What you will do –
Please transcribe, word for word, only the lines from the one containing "出世を左右するのは、所属部署" through the last line of the records below, both included, and leave out every picture.

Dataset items

---

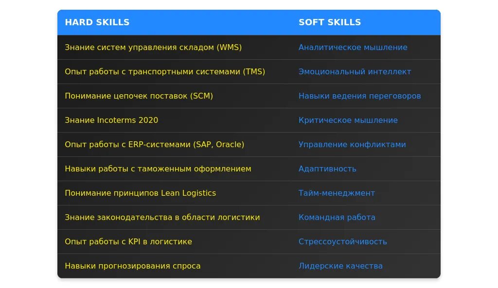- Технические навыки: логистическое программное обеспечение, CRM-системы, аналитика данных.
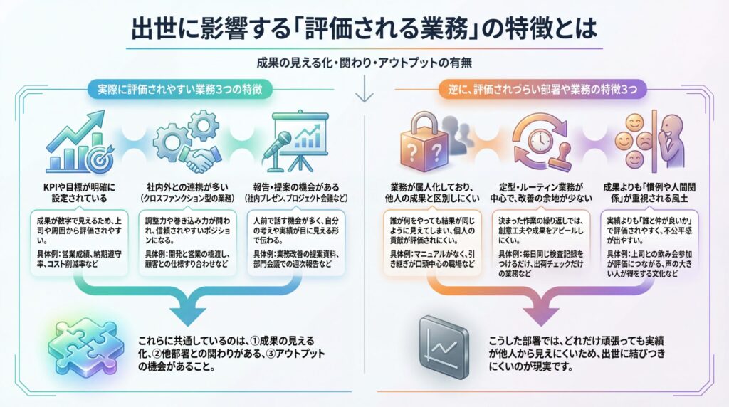 出世を左右するのは、所属部署だけではありません。次に、実際に評価につながりやすい「業務の中身」に注目してみましょう。
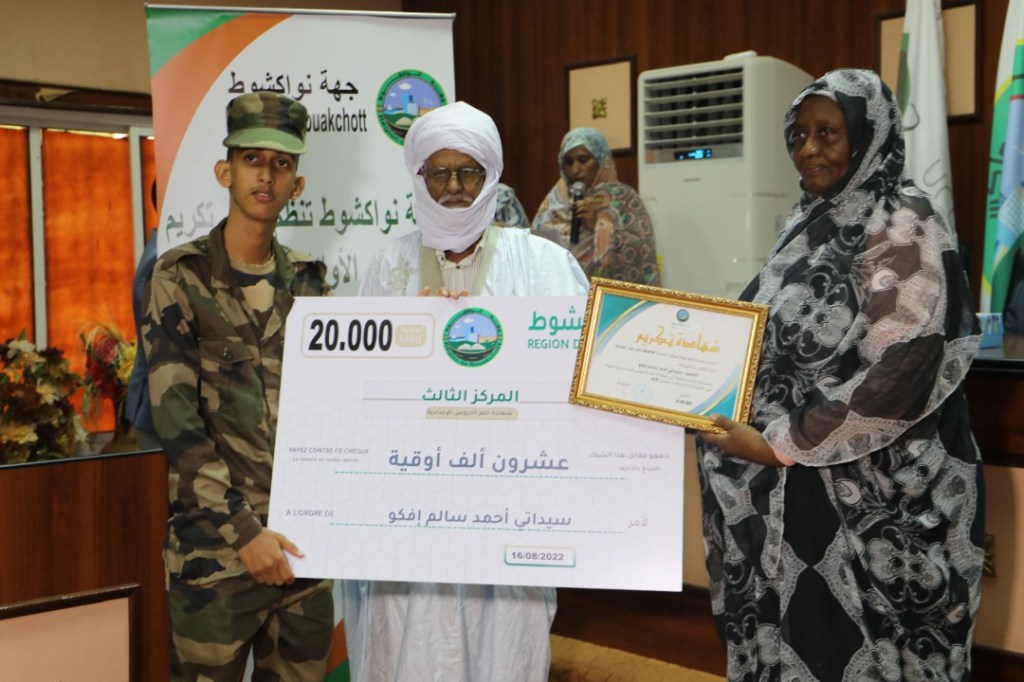نظمت جهة نواكشوط صباح اليوم الثلاثاء 16 أغشت 2022 حفلا تكريميا لصالح الطلاب المتفوقين في شهادة ختم الدروس الإعدادية وجميع شعب الباكلوريا.
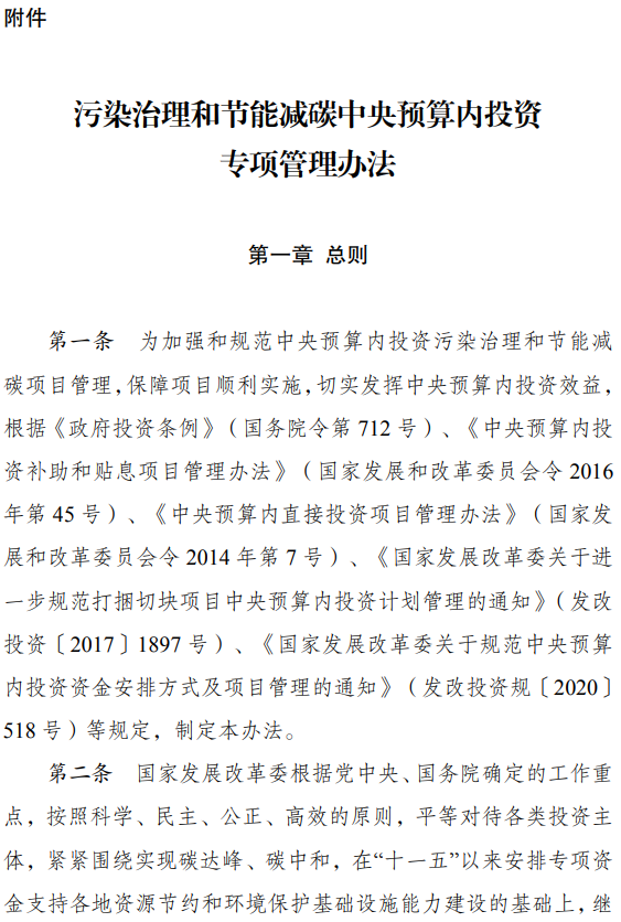 2021年|發(fā)改委:《污染治理和節(jié)能減碳中央預(yù)算內(nèi)投資專(zhuān)項(xiàng)管理辦法》
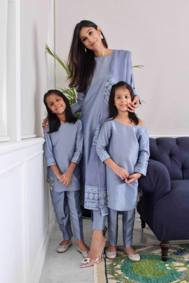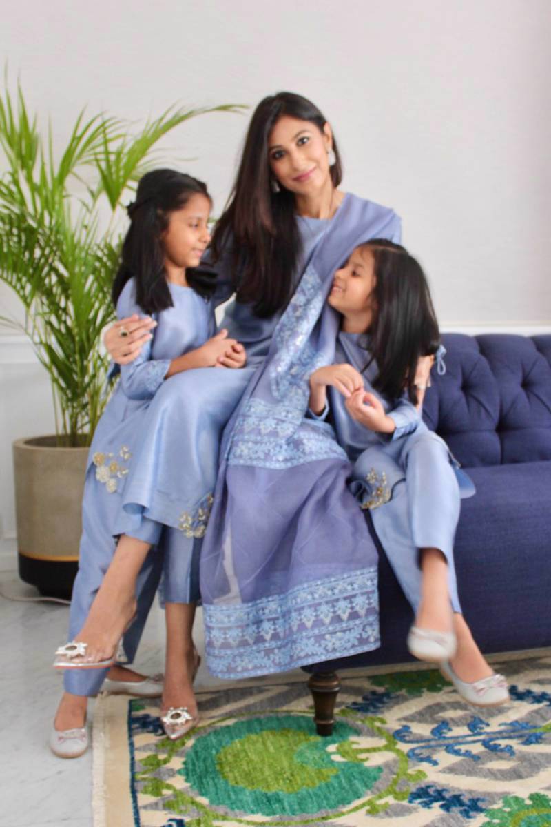 Our signature ice blue plain shirt with hand embellished pearl and zari daman. It has embroidered sleeve finish. It is paired with plain korean silk pants.

---

Output of the exercise –
 出世を左右するのは、所属部署だけではありません。次に、実際に評価につながりやすい「業務の中身」に注目してみましょう。
نظمت جهة نواكشوط صباح اليوم الثلاثاء 16 أغشت 2022 حفلا تكريميا لصالح الطلاب المتفوقين في شهادة ختم الدروس الإعدادية وجميع شعب الباكلوريا.
 2021年|發(fā)改委:《污染治理和節(jié)能減碳中央預(yù)算內(nèi)投資專(zhuān)項(xiàng)管理辦法》
 Our signature ice blue plain shirt with hand embellished pearl and zari daman. It has embroidered sleeve finish. It is paired with plain korean silk pants.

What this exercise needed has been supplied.